▸ **Dataset section**:

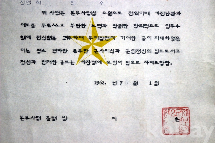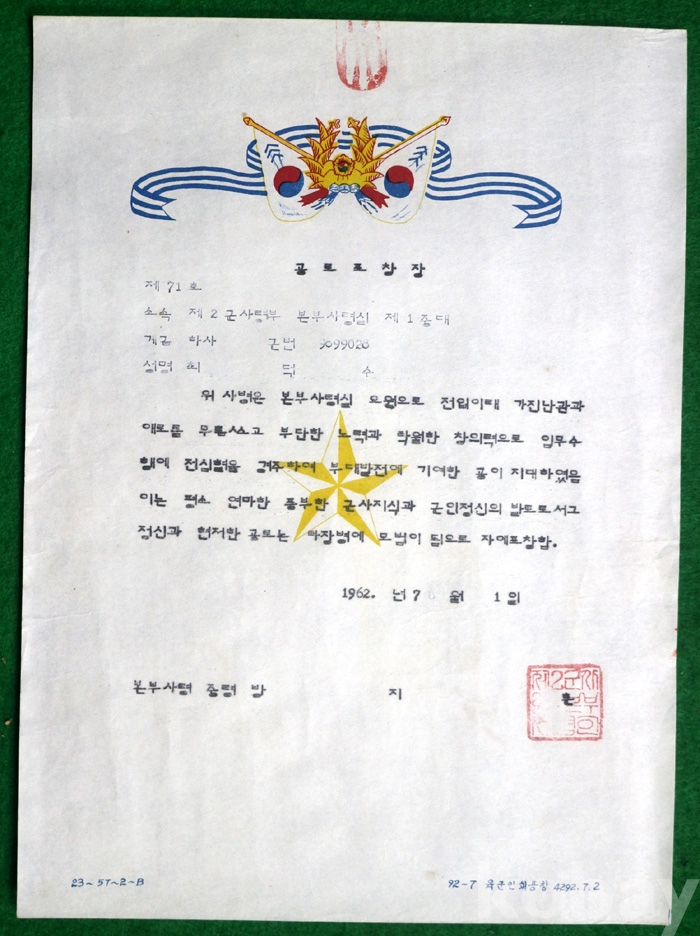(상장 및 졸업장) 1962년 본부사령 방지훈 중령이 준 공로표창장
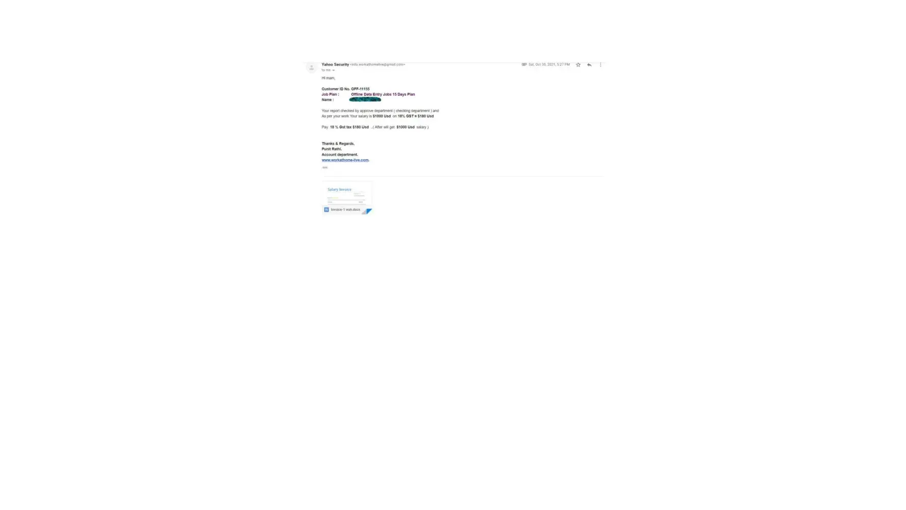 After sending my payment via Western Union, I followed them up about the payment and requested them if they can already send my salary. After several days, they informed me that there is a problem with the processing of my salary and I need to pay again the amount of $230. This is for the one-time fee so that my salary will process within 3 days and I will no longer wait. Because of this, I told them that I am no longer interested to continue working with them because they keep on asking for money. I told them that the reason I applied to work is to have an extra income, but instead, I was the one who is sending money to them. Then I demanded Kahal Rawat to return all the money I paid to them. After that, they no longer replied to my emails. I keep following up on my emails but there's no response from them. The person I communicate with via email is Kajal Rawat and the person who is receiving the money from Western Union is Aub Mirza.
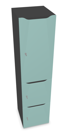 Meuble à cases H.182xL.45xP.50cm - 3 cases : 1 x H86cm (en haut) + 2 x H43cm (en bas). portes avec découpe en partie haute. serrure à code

▸ **Task description**: All the lines above must be written out exactly, without a single picture.

▸ **Task solution**:
(상장 및 졸업장) 1962년 본부사령 방지훈 중령이 준 공로표창장
 After sending my payment via Western Union, I followed them up about the payment and requested them if they can already send my salary. After several days, they informed me that there is a problem with the processing of my salary and I need to pay again the amount of $230. This is for the one-time fee so that my salary will process within 3 days and I will no longer wait. Because of this, I told them that I am no longer interested to continue working with them because they keep on asking for money. I told them that the reason I applied to work is to have an extra income, but instead, I was the one who is sending money to them. Then I demanded Kahal Rawat to return all the money I paid to them. After that, they no longer replied to my emails. I keep following up on my emails but there's no response from them. The person I communicate with via email is Kajal Rawat and the person who is receiving the money from Western Union is Aub Mirza.
 Meuble à cases H.182xL.45xP.50cm - 3 cases : 1 x H86cm (en haut) + 2 x H43cm (en bas). portes avec découpe en partie haute. serrure à code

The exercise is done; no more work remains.